The pearson correlation coefficient assess the linear relationship between the two variables. The following things have observed:
* sepal length and petal length have strong positive correlation. Petal length is linearly related with sepal length. 
* petal length and petal width are really high positive correlation. petal length increases have an effect on an increase in the petal width. 
* sepal length and sepal width does not have linear relationship. Increase in sepal length does not mean higher will be sepal width.

# Summary

The iris flower data consists of 50 samples from 3 different species of iris flower namely setosa, versicolor and virginica. The data set composed of 4 numerical/input features and 1 categorical feature/target variable. Input features are sepal length, sepal width, petal length and petal width whereas target variable is species. Following insights have been found from the analysis: 
<br>
<br>
* Iris Setosa has very narrow petal length and moderate petal width (observed from histogram plots)
* Iris Setosa has smaller sepal length compared to iris versicolor and virginica while setosa has wide sepal width compared with other two.

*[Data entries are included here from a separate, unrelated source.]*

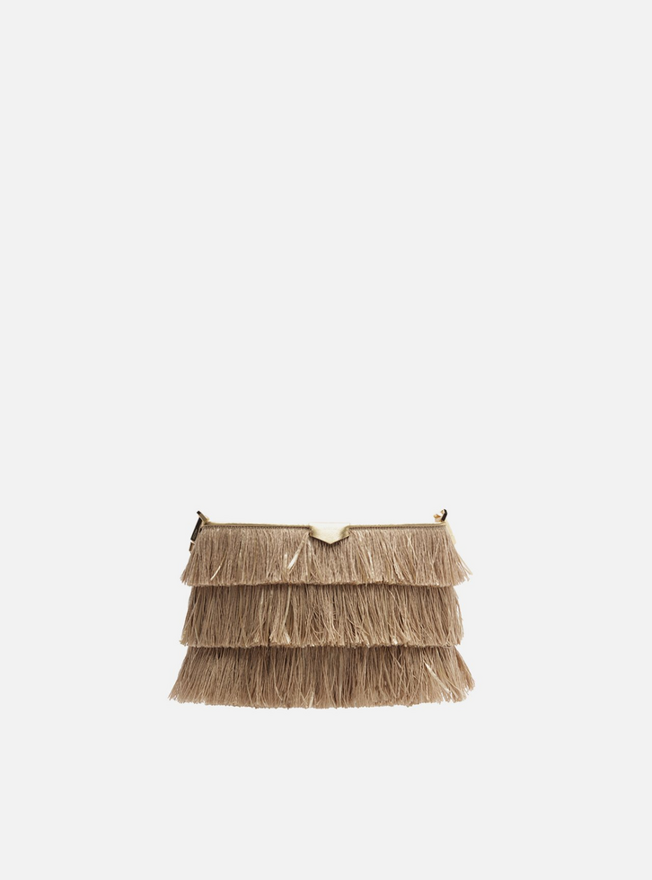 Bolsa clutch dourada de couro. O acessório tem formato retangular e estruturado. Traz capas com camadas de franjas longas, criando movimento e textura. Possui fecho superior em zíper e puxador, além de alça tiracolo lateral regulável e removível, que permite diferentes formas de uso.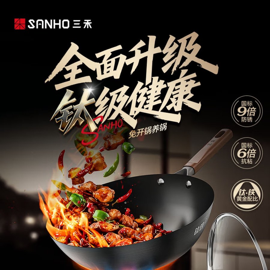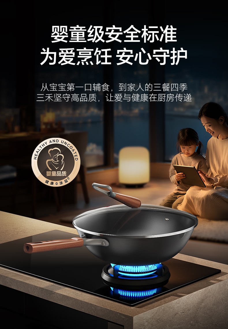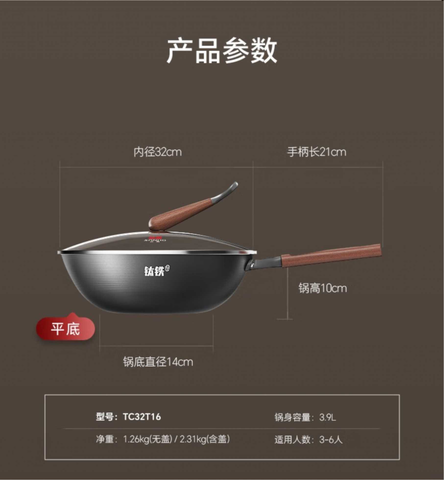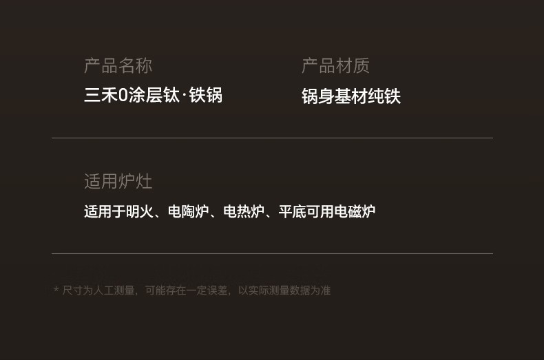 三禾0涂层钛铁锅32cm(平底)TC32T16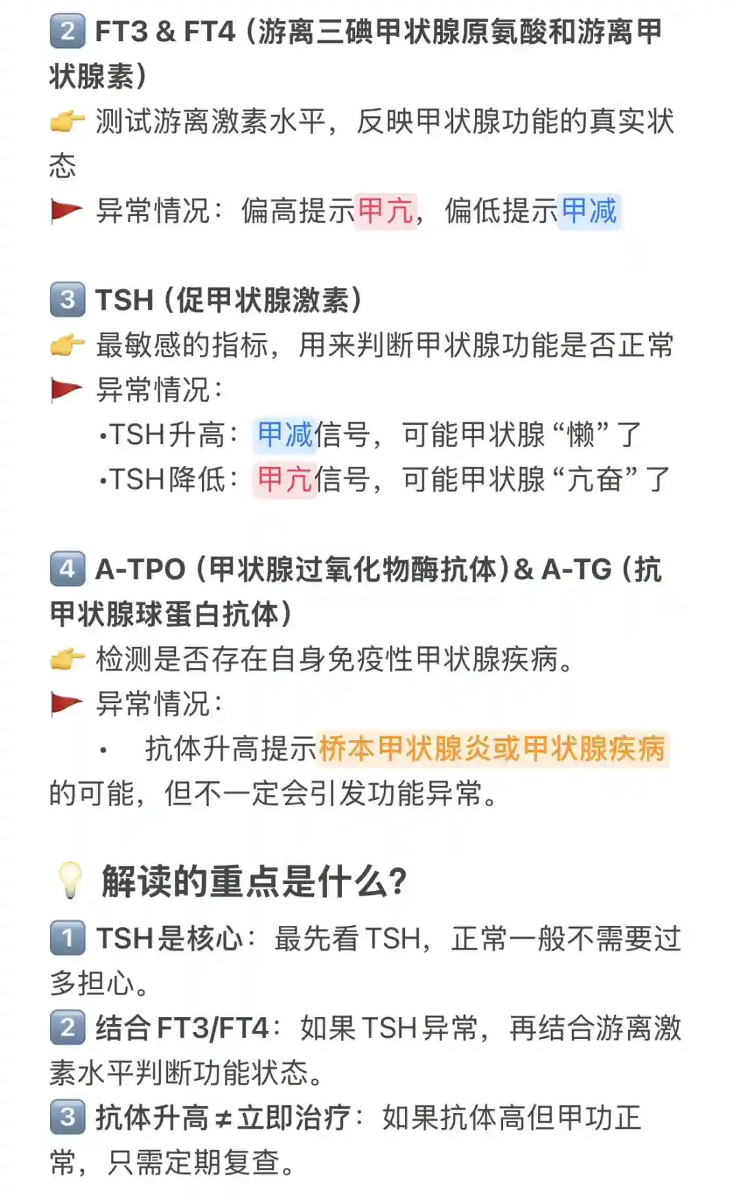 2️⃣ 结合FT3/FT4:如果TSH异常,再结合游离激素水平判断功能状态。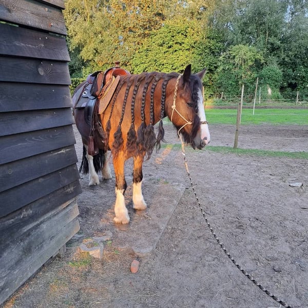 16 jaar en 144cm. heb een alleskunner kan een sprongetje dressuur beetje western en vind bos mega leuk. tinker met gouden hart kan met iedereen om. Zoek iemand die nog veel plezier met hem wil hebben. En grondwerk en bosritten ook erg leuk vind.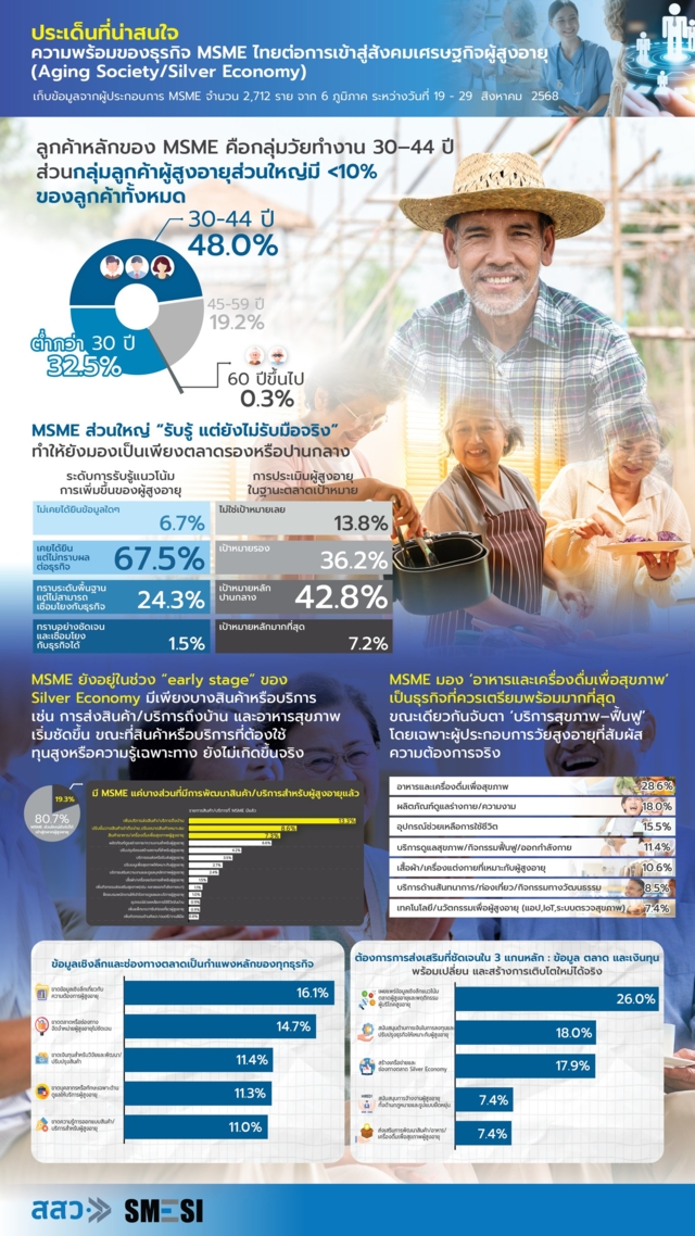 นางสาวปณิตา ชินวัตร รองผู้อำนวยการรักษาการแทนผู้อำนวยการสำนักงานส่งเสริมวิสาหกิจขนาดกลางและขนาดย่อม เปิดเผยผลสำรวจความคิดเห็นผู้ประกอบการ SME เกี่ยวกับความพร้อมของธุรกิจต่อการเข้าสู่สังคมผู้สูงอายุ (Aging Society/Silver Economy) โดยเก็บข้อมูลจากผู้ประกอบการ SME จำนวน 2,712 ราย จาก 6 ภูมิภาค ระหว่างวันที่ 19–29 สิงหาคม 2568 พบว่า ปัจจุบัน SME เริ่มมีการจ้างงานผู้สูงอายุเฉลี่ยอยู่ที่ร้อยละ 11 โดยเฉพาะภาคธุรกิจการเกษตรมีสัดส่วนการจ้างงานสูงสุดอยู่ที่ร้อยละ 17 และธุรกิจขนาดกลางมีแนวโน้มจ้างงานผู้สูงอายุมากกว่าธุรกิจรายย่อย (Micro) ซึ่งส่วนหนึ่งมาจากโครงสร้างการจ้างงานของธุรกิจ ซึ่งลักษณะงานของผู้สูงอายุมักเป็นงานที่ใช้ประสบการณ์และทักษะเฉพาะ แม้มีข้อจำกัดด้านสุขภาพและความทันสมัยของทักษะ เช่น งานบริการลูกค้า งานฝีมือ/งานช่าง เป็นต้น แต่กว่าร้อยละ 70 ของผู้ประกอบการที่จ้างงานผู้สูงอายุอยู่แล้ว ยังคงจ้างงานต่อไปในอนาคต

* Iris versicolor and virginica has indistinguishable sepal width meaning they are having almost the same sepal width. 
* Iris virginica has larger petal length and petal width but their distribution has higher variability. 
<br>
* Sepal length and sepal width has nearly normal distribution. But petal length and petal width are bi-modal this is due to the narrow distribution of the petal length and width of the iris setosa.